TASK TO COMPLETE →
Please copy, exactly as they appear below, the lines from the one containing "Seitenverschluss aus Vinyl" through the one containing "green suit shayari".

Records drawn from a dataset:

---

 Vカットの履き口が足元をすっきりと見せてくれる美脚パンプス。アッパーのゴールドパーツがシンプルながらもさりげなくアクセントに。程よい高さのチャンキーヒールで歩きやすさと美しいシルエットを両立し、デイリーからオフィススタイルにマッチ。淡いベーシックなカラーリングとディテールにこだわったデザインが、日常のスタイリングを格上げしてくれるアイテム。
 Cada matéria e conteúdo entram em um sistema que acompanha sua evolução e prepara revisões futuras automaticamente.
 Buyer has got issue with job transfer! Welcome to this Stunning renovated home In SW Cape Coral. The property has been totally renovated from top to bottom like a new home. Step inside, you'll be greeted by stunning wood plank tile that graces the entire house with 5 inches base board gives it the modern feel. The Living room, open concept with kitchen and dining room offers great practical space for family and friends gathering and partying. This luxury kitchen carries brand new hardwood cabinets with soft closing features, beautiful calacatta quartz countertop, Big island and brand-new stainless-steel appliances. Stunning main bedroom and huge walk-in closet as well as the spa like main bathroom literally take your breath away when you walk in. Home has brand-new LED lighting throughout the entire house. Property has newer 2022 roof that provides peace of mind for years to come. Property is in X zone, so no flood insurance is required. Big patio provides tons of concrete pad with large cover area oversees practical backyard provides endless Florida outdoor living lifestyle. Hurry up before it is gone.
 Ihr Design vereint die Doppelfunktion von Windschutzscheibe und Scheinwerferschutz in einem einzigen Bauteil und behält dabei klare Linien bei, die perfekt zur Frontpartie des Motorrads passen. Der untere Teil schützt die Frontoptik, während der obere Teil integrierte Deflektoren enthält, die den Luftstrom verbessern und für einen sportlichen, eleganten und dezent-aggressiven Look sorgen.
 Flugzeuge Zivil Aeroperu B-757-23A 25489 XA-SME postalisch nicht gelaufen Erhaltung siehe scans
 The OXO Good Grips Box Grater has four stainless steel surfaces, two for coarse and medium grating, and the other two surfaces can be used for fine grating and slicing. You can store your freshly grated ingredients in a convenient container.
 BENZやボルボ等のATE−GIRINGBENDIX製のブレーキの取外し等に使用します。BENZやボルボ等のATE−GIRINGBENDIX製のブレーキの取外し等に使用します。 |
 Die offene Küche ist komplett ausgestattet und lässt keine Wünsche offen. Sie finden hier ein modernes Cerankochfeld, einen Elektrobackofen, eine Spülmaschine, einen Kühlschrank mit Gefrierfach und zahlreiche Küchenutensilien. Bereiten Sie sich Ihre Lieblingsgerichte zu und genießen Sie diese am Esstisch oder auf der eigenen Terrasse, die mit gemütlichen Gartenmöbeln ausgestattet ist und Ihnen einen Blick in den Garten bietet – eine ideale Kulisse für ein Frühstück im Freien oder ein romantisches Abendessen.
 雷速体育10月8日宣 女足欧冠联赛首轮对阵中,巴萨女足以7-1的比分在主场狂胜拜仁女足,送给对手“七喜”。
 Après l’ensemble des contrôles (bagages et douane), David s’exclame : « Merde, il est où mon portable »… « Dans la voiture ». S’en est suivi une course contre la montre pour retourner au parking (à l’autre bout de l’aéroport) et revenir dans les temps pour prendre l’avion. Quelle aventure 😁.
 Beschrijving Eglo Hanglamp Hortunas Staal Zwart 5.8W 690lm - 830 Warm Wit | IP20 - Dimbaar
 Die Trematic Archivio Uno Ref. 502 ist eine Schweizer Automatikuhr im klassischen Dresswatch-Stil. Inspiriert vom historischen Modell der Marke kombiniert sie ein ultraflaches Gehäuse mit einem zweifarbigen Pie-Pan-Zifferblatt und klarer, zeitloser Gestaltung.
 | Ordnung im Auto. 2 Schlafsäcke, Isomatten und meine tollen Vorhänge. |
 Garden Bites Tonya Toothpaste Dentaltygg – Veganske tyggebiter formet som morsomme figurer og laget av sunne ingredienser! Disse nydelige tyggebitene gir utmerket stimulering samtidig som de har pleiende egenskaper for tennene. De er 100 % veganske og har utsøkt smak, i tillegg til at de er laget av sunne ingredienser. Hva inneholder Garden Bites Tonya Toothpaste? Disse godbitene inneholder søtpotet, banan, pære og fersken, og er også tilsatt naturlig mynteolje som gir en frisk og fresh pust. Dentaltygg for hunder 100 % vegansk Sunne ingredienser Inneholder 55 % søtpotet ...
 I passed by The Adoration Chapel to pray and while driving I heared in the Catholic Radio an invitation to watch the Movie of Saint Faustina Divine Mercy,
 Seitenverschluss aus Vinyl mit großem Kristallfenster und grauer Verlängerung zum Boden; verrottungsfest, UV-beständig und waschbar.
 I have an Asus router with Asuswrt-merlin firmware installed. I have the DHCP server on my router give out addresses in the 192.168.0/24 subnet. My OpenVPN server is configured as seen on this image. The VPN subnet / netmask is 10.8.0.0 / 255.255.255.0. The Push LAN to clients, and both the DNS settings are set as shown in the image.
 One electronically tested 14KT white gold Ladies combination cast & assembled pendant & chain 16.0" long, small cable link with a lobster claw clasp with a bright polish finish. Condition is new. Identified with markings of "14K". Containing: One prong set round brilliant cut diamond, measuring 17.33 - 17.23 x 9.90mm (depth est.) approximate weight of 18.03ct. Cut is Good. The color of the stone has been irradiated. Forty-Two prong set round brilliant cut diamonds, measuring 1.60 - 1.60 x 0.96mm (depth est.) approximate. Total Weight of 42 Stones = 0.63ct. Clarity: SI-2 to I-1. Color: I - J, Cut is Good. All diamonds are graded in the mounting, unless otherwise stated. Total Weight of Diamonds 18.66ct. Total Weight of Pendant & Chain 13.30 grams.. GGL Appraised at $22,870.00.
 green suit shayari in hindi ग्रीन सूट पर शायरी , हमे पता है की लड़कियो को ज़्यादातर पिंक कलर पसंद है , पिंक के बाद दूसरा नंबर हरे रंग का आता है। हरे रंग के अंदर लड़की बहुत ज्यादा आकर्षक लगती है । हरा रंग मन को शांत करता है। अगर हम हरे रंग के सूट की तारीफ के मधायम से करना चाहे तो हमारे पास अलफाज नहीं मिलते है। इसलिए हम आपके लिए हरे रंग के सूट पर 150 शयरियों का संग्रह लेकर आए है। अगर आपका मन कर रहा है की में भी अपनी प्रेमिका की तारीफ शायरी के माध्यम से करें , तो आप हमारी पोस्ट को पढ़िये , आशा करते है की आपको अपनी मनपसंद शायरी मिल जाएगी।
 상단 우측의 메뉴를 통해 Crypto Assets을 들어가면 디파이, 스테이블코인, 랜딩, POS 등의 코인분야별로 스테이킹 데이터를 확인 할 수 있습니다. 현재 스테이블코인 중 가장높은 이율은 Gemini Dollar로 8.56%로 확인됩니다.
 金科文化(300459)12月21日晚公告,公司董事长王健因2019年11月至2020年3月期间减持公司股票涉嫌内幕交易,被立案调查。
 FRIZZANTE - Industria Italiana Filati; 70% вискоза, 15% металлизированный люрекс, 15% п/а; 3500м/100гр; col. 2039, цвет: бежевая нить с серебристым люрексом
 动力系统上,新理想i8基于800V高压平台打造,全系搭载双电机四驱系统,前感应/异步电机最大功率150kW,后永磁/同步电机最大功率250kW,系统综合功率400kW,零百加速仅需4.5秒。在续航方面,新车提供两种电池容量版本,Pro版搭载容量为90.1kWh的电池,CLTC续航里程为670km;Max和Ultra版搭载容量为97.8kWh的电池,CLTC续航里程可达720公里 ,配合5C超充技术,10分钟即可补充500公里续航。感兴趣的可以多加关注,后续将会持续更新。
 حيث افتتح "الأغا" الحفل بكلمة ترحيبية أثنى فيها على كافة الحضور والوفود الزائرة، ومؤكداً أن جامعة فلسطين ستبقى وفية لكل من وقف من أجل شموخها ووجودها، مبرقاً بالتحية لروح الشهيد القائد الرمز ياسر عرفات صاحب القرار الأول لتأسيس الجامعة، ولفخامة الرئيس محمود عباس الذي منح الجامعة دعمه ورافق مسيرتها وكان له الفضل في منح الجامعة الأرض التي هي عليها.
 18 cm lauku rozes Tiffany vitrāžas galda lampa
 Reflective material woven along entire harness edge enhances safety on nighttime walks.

---

ANSWER FOR THE TASK →
 Seitenverschluss aus Vinyl mit großem Kristallfenster und grauer Verlängerung zum Boden; verrottungsfest, UV-beständig und waschbar.
 I have an Asus router with Asuswrt-merlin firmware installed. I have the DHCP server on my router give out addresses in the 192.168.0/24 subnet. My OpenVPN server is configured as seen on this image. The VPN subnet / netmask is 10.8.0.0 / 255.255.255.0. The Push LAN to clients, and both the DNS settings are set as shown in the image.
 One electronically tested 14KT white gold Ladies combination cast & assembled pendant & chain 16.0" long, small cable link with a lobster claw clasp with a bright polish finish. Condition is new. Identified with markings of "14K". Containing: One prong set round brilliant cut diamond, measuring 17.33 - 17.23 x 9.90mm (depth est.) approximate weight of 18.03ct. Cut is Good. The color of the stone has been irradiated. Forty-Two prong set round brilliant cut diamonds, measuring 1.60 - 1.60 x 0.96mm (depth est.) approximate. Total Weight of 42 Stones = 0.63ct. Clarity: SI-2 to I-1. Color: I - J, Cut is Good. All diamonds are graded in the mounting, unless otherwise stated. Total Weight of Diamonds 18.66ct. Total Weight of Pendant & Chain 13.30 grams.. GGL Appraised at $22,870.00.
 green suit shayari in hindi ग्रीन सूट पर शायरी , हमे पता है की लड़कियो को ज़्यादातर पिंक कलर पसंद है , पिंक के बाद दूसरा नंबर हरे रंग का आता है। हरे रंग के अंदर लड़की बहुत ज्यादा आकर्षक लगती है । हरा रंग मन को शांत करता है। अगर हम हरे रंग के सूट की तारीफ के मधायम से करना चाहे तो हमारे पास अलफाज नहीं मिलते है। इसलिए हम आपके लिए हरे रंग के सूट पर 150 शयरियों का संग्रह लेकर आए है। अगर आपका मन कर रहा है की में भी अपनी प्रेमिका की तारीफ शायरी के माध्यम से करें , तो आप हमारी पोस्ट को पढ़िये , आशा करते है की आपको अपनी मनपसंद शायरी मिल जाएगी।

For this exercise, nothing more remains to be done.